对两个draft genome作比对一般使用MUMER下面的nucmer
1、NUCMER
基本命令:
nucmer --prefix=ref_qry ref.fasta qry.fasta
参数:
USAGE: nucmer [options] <Reference> <Query>
Reference 参考基因组文件
Query 要比对基因组文件
OPTIONS:(两个重要参数)
--mum Use anchor matches that are unique in both the reference
and query###比对区块参考与query都要唯一
--mumreference Use anchor matches that are unique in in the
reference but not necessarily unique in the query (default behavior)
delta-filter过滤(可选):
基本命令:
delta-filter [options] <deltafile>
参数:
-1 1-to-1 alignment allowing for rearrangements
(intersection of -r and -q alignments)
-g 1-to-1 global alignment not allowing rearrangements
-h Display help information
-i float minimum alignment identity [0, 100], default 0##identity
-l int Set the minimum alignment length, default 0###最低比对长度
-m Many-to-many alignment allowing for rearrangements
(union of -r and -q alignments)
-q Maps each position of each query to its best hit in
the reference, allowing for reference overlaps
-r Maps each position of each reference to its best hit
in the query, allowing for query overlaps
-u float Set the minimum alignment uniqueness, i.e. percent of
the alignment matching to unique reference AND query
sequence [0, 100], default 0
-o float Set the maximum alignment overlap for -r and -q options
as a percent of the alignment length [0, 100], default 100
解释:
1)-r:去掉参考中有overlap的比对结果
2)-q:去掉query中有overlap的比对结果
3)-r -q 去掉参考中有overlap的比对结果和去掉query中均有overlap的比对结果。
4)-o 上述-r 和 -q中定义的overlap的距离占比对距离的百分比。超过此参数才认为是有overlap
5) -g option and the -1 and -m区别
A. -g 英文解释:requires the alignments to be mutually consistent
in their order, 翻译过来就是两者比对时比对的区块order必须一致;不允许倒位和易位。举例如下:可见加入-g把48489那一行去掉了。
未加入-g
加入-g
B. -1 and -m options are not required to be
mutually consistent and therefore tolerate translocations,
inversions, etc.
C. In general cases, the -m option is the best choice,
D. -1 can be handy for applications such as SNP finding which
require a 1-to-1 mapping.
E.for mapping query contigs, or sequencing reads, to a reference genome, use -q.

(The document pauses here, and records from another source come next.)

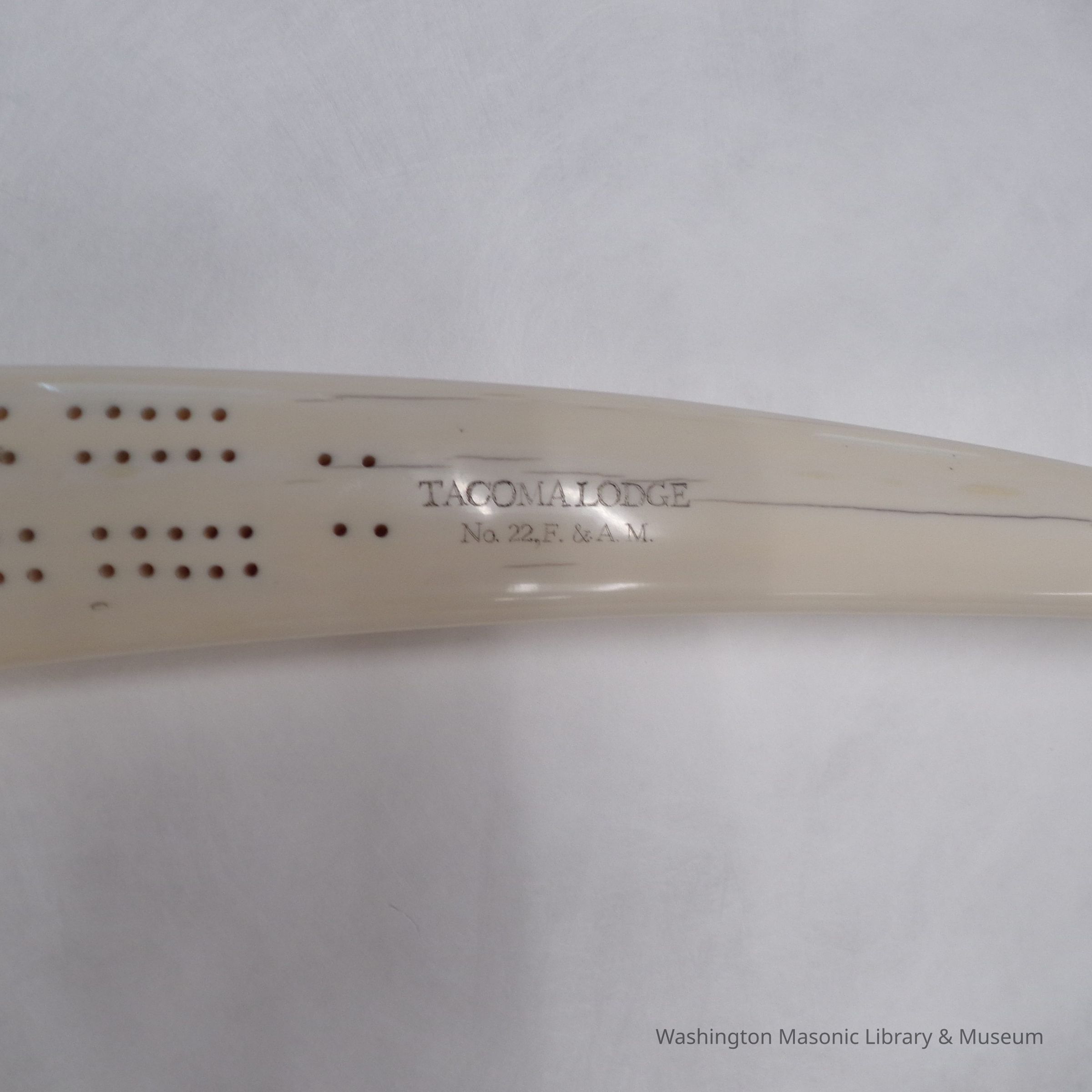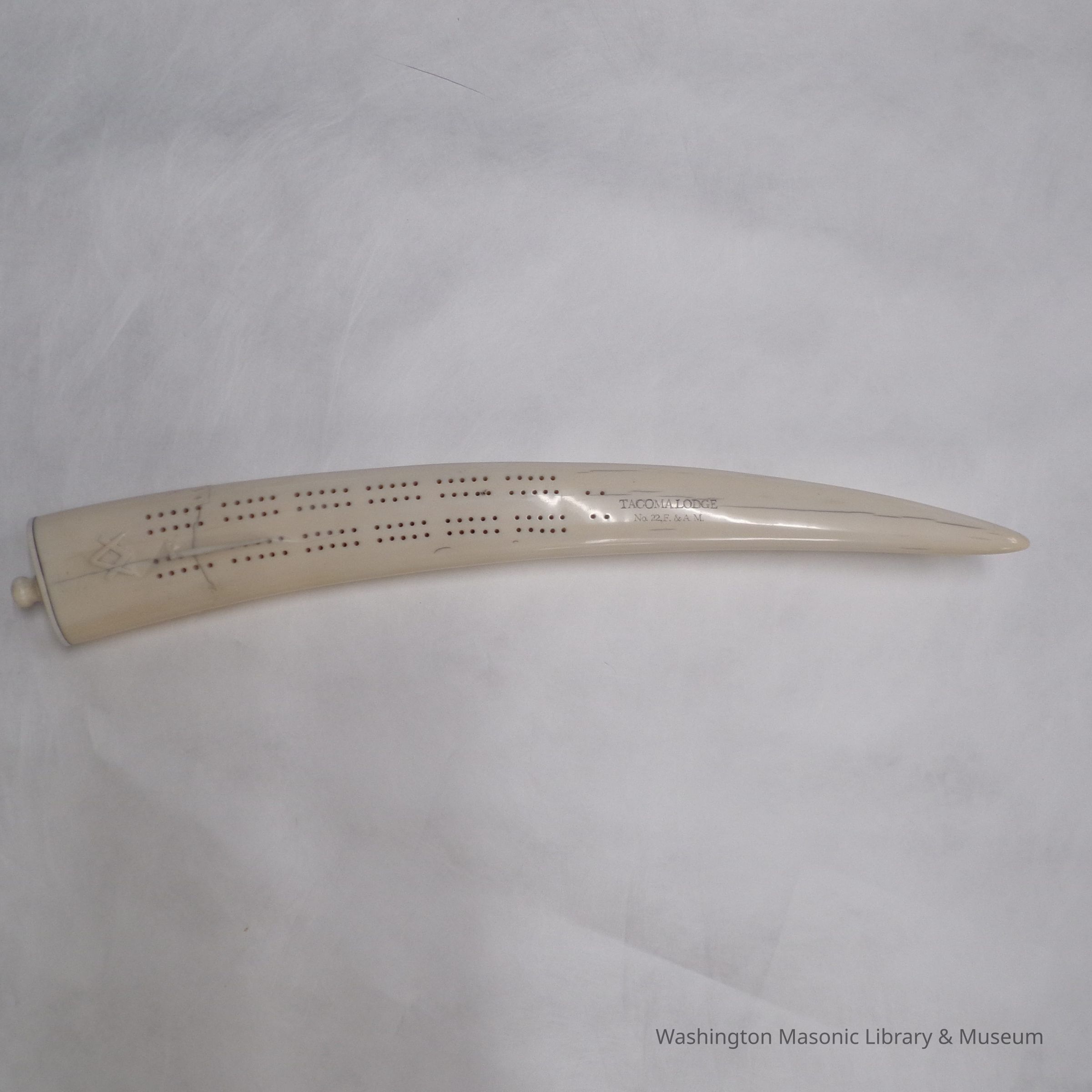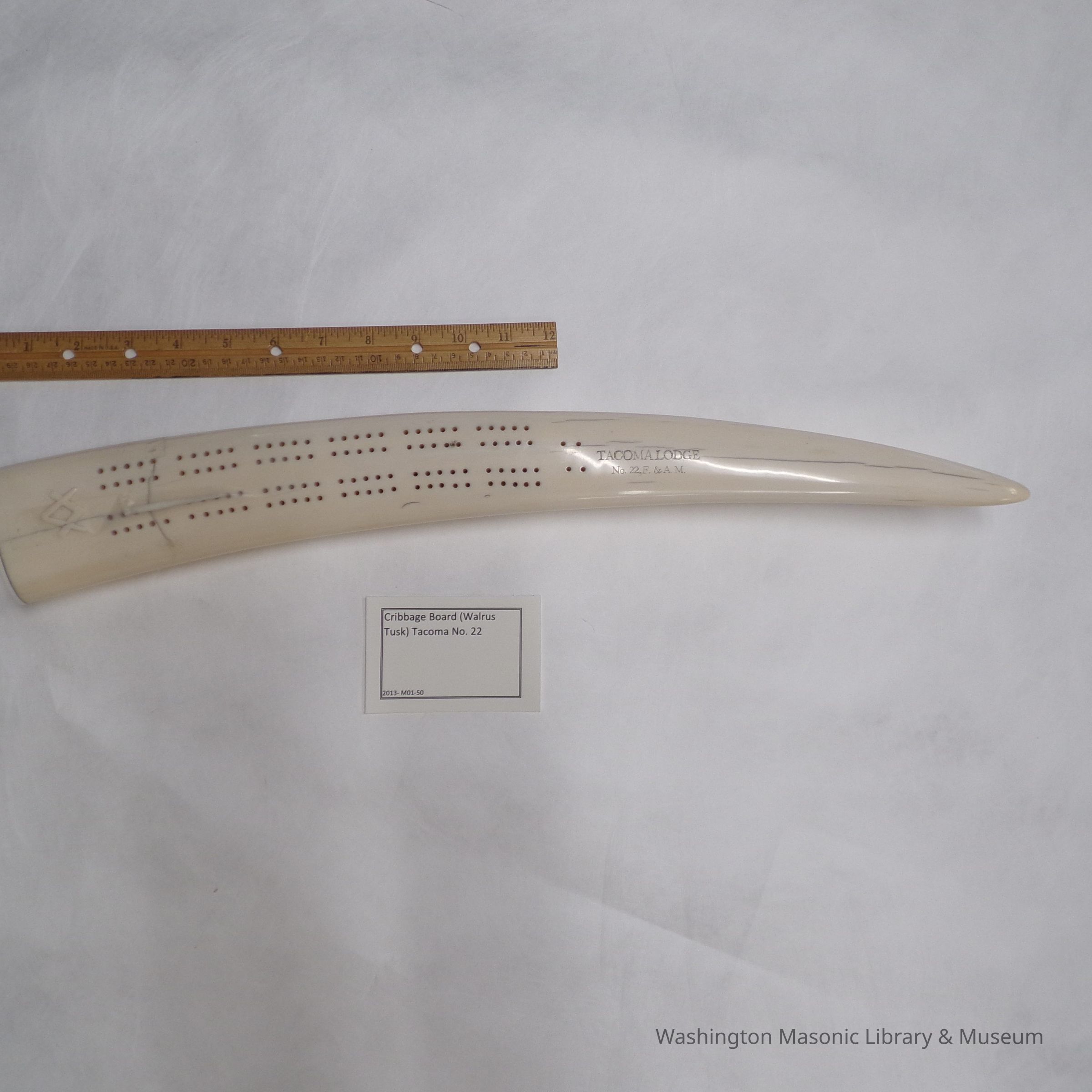 Cribbage Board: Made of Walrus Tusk. Belonged to Tacoma Lodge No. 22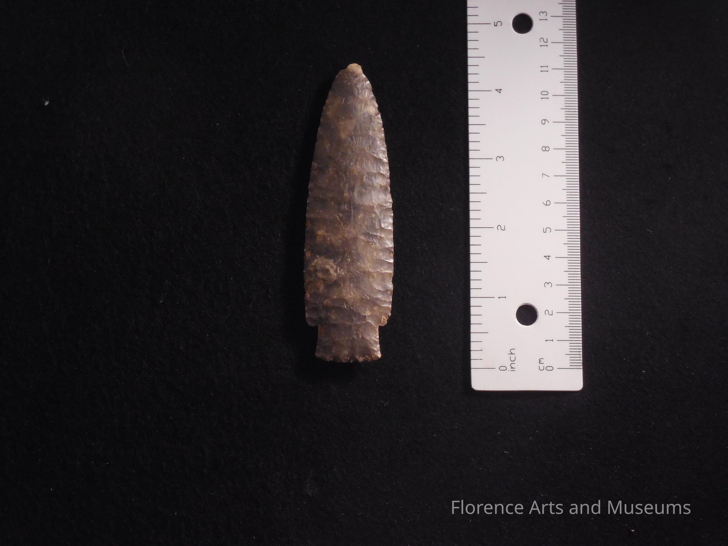 The Elk River point type is medium to large-sized with diagonal/horizontal flaking on both sides. The hafting area is generally straight, and the blade is excurvate. The point is named for a site on the Elk River in Limestone County, AL.Context
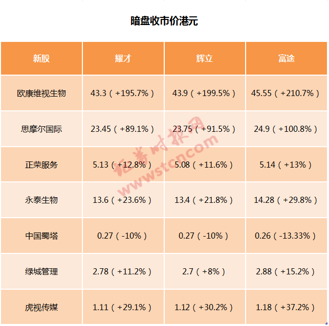 事实上,昨日的暗盘交易早已暗示了欧康维视生物等7只新股今日市场表现。证券时报记者统计了耀才、辉立、富途三大券商昨日暗盘收盘价,欧康维视生物富途暗盘较招股价14.66港元暴涨210.7%,收报45.55港元,不计手续费,一手(500股)赚15445港元。7只新股中,唯有中国蜀塔出现破发,此股也是今日表现最差个股。

6)设置严格程度依次为-i -l -u -q -r -g -m -1参数
2、show-coords
对上一步产生的结果进行过滤及输出格式转换
基本命令:
show-coords -rclT ref_qry.delta > ref_qry.coords
参数:
-b Merges overlapping alignments regardless of match dir
or frame and does not display any idenitity information.###overlap合并
-c Include percent coverage information in the output###输出结果包含覆盖度信息
-H Do not print the output header
-I float Set minimum percent identity to display##identity设置
-l Include the sequence length information in the output###输出内容中包括query和ref序列长度
-L long Set minimum alignment length to display###输出最低比对长度的比对结果
-q Sort output lines by query IDs and coordinates##按照query的ID排序输出
-r Sort output lines by reference IDs and coordinates##按照ref的ID排序输出
-T Switch output to tab-delimited format#####输出tab格式的
3、可视化
1)show-aligns基本命令:
show-aligns ref_qry.delta refname qryname > ref_qry.aligns
refname and qryname 是上述基因组序列中ID
结果图片:
2)mummerplot 基本命令:
mummerplot ref_qry.delta -R ref.fasta -Q qry.fasta --png --filter --layout
产生one-to-one mapping 的比对结果共线性图.
输出图片格式有三种选择:
--x11 --postscript --png
结果图片:
主要命令如下:
nucmer --prefix=ref_qry ref.fasta qry.fasta
delta-filter过滤(可选):delta-filter [options] <deltafile>
show-coords -rcl ref_qry.delta > ref_qry.coords
show-aligns ref_qry.delta refname qryname > ref_qry.aligns
show-tiling ref_qry.delta > ref_qry.tiling(与前述差异点)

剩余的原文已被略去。